December 1, 2015 at 5:02 am #22828Joe (G.W.N.S.)Moderator
Just came out today, this is a new series unrelated to his previous works.
New York Times Bestselling author James Wesley, Rawles’s Land of Promise is a bold piece of speculative fiction that posits the establishment of a Christian nation of refuge, in response to the establishment of a global Islamic Caliphate in the near future. Launched by a pair of free-thinking venture capitalists and an Israeli art dealer, the fictional Ilemi Republic is carved out of a disputed border region between Kenya and South Sudan, with the consent of the governments of these two neighboring nations.

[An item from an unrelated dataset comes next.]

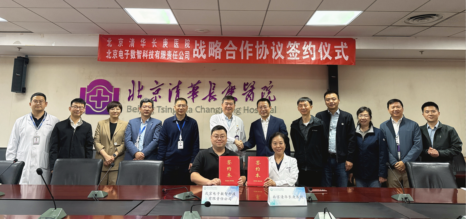 北京清华长庚医院院长董家鸿院士,北京清华长庚医院副院长张萍,北电数智董事长荆磊,北电数智首席科学家、复旦大学特聘教授窦德景,北电数智产业生态负责人吴岳,AI可信负责人邵兵等出席签约仪式。
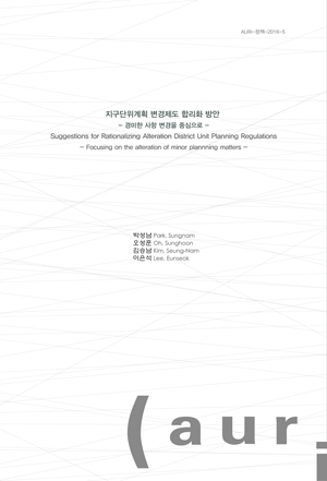 Park, Sungnam, Oh, Sunghoon, Kim, Seungnam, Lee, Eunseok. Suggestions for Rationalizing Alteration District Unit Planning Regulations: Focusing on the alteration of minor plannning matters.Architecture & Urban Research Institute. 2016

The fledgling Ilemi Republic is a nation of firsts in modern history: The first nation as a dedicated place of refuge for Christians and Messianic Jews; The first nation with absolutely no taxes or levies of any kind; The first nation with no licenses or permits; The first nation with minimalist government; The first nation to reject fiat currency and establish a tri-metallic currency (gold, silver, and platinum); The first nation to have a self-policing citizenry with a citizen’s militia–and hence no standing army and no police force; The first nation with a near absolute right to keep and bear arms, where only weapons of mass destruction are restricted from private ownership; and the first nation without a parliament or congress, where all decisions are made by public referendum.
“In Land of Promise, [Jim Rawles] crafts an exception to the rule: He speculates on proactive efforts to carve out a liberty lifeboat on Earth. It is the last refuge of free people in charge of their own lives. In every other place on Earth that man has put down roots, the usual suspects come out of the woodwork to offer advice on how to run his life and eventually develop systems that strangle that very life out of them. Some of these have been much worse than others as witnessed in the blood-soaked twentieth century.” – Bill Buppert, ZeroGov Forums
Warning: If you don’t like works with a Christian theme this may not be for you. As I highlighted above parts in Amazon description. I suspect a Christian emphasis to go along with the Libertarian politics.
I have enjoyed Rawles previous works and like the premise of this new series. Will give a more in depth review once I have finished reading it.
For today only (book release day–December 1st), the Kindle e-book is priced at just $2.99. But the price will go up to $3.99 tomorrow.
If interested you can save a buck today.February 8, 2016 at 9:57 am #24425BobParticipant
Finished reading it.
The thing that Rawles does that drives me absolutely batty, is his insistence to try and drive “Reformed Theology” down the readers throat.
People who are rather more than six feet tall and nearly as broad across the shoulders often have uneventful journeys. People jump out at them from behind rocks then say things like, "Oh. Sorry. I thought you were someone else."February 8, 2016 at 1:54 pm #24428Joe (G.W.N.S.)Moderator
Overall I enjoyed this because of the interesting premise.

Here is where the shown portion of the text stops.